When our theology tells us we can make the right choices, we know we’re being prideful. We are unable to save ourselves, Jesus said—unable to do the right thing. He told us to own the fact that we are poor in spirit, which means we are unable to do what is right. To admit this is humility—which is simply surrendering our assumption that we can make right choices. We admit our spiritual poverty (Matt. 5:3), recognize that we can neither save ourselves (Matt. 16:25) nor be perfected through the power of the will or human effort (Gal. 3:3). God must transform us.

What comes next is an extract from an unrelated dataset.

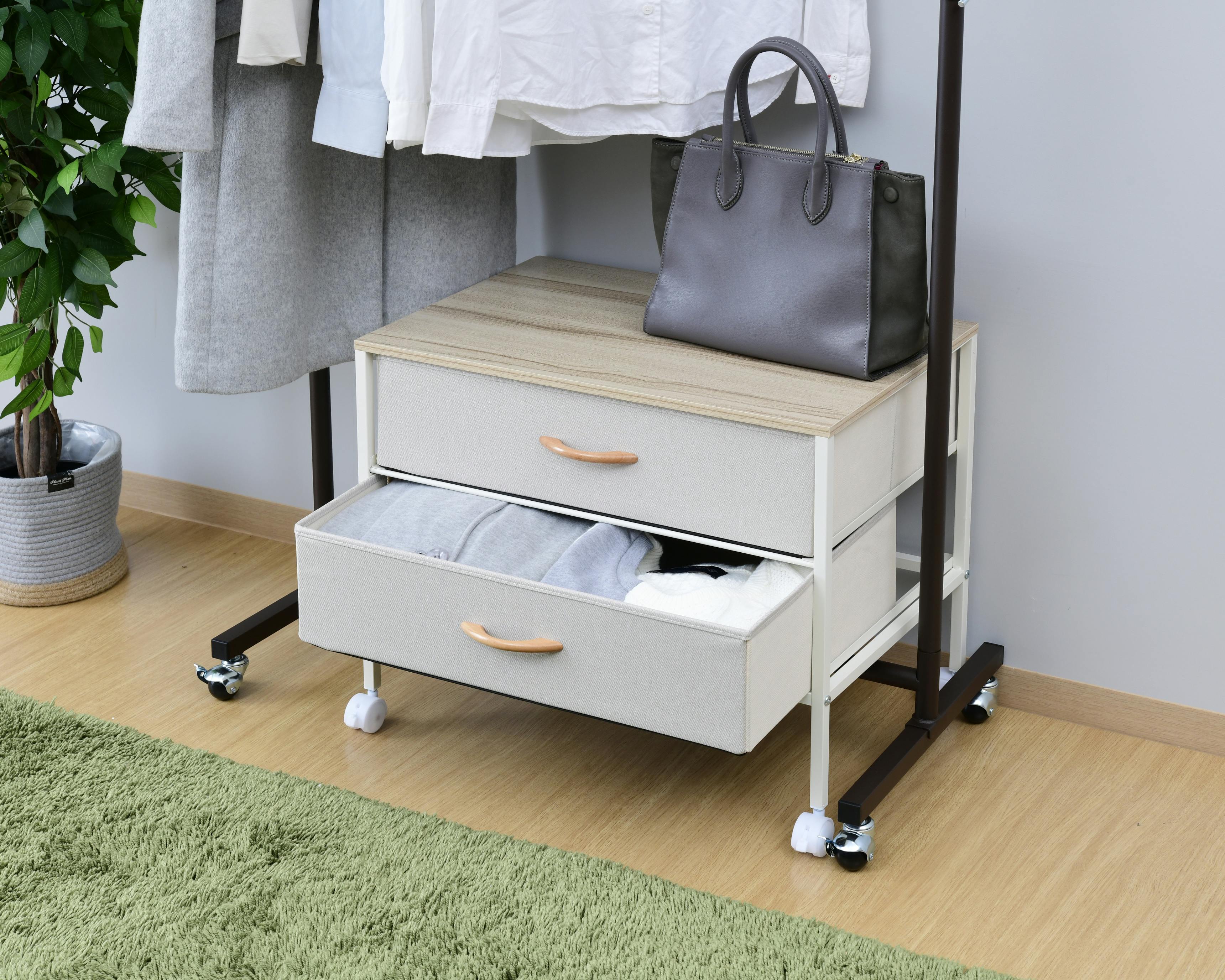 ●【木製天板】天板は木製なのでゆがみにくく、おしゃれな印象に。バッグや衣類小物などをを置くことができます。●【コスパの良さとおしゃれの両立】普段見える引出し前面はファブリック生地と木製取っ手をあしらい、見えない面は不織布を使用することで、コスパよく、かつ見映えよく仕上げています。

Since we cannot make the choices we want to make, what choices can we make? We can choose to—
• Give up the notion that we can save ourselves
• Submit our inability to God
• Ask for help in searching for our faults
• Repent
• Take account of our needs and let others meet them
• Make amends
• Forgive
• Invest and practice talents
• Seek God
• Seek truth
• Love one another
All these choices assume weakness and humility. They focus not on being good, but on working out problems. These choices will succeed, where trying to be good will fail. These choices are based on our sinfulness and inadequacy, not on our goodness or ability to make godly choices. These choices will produce spiritual growth that bears the fruit of self-control and the ability to make right choices.
Therefore, instead of trying harder to make right choices, surrender your inability to God—become humble, unable—and ask him to begin the process of spiritual growth in you. As you begin to do the hard work of spiritual growth, he will begin reproducing his life in you through the process of internal change. As you cooperate with his pruning and cultivating of your character, you will produce fruit in your season (Ps. 1:3).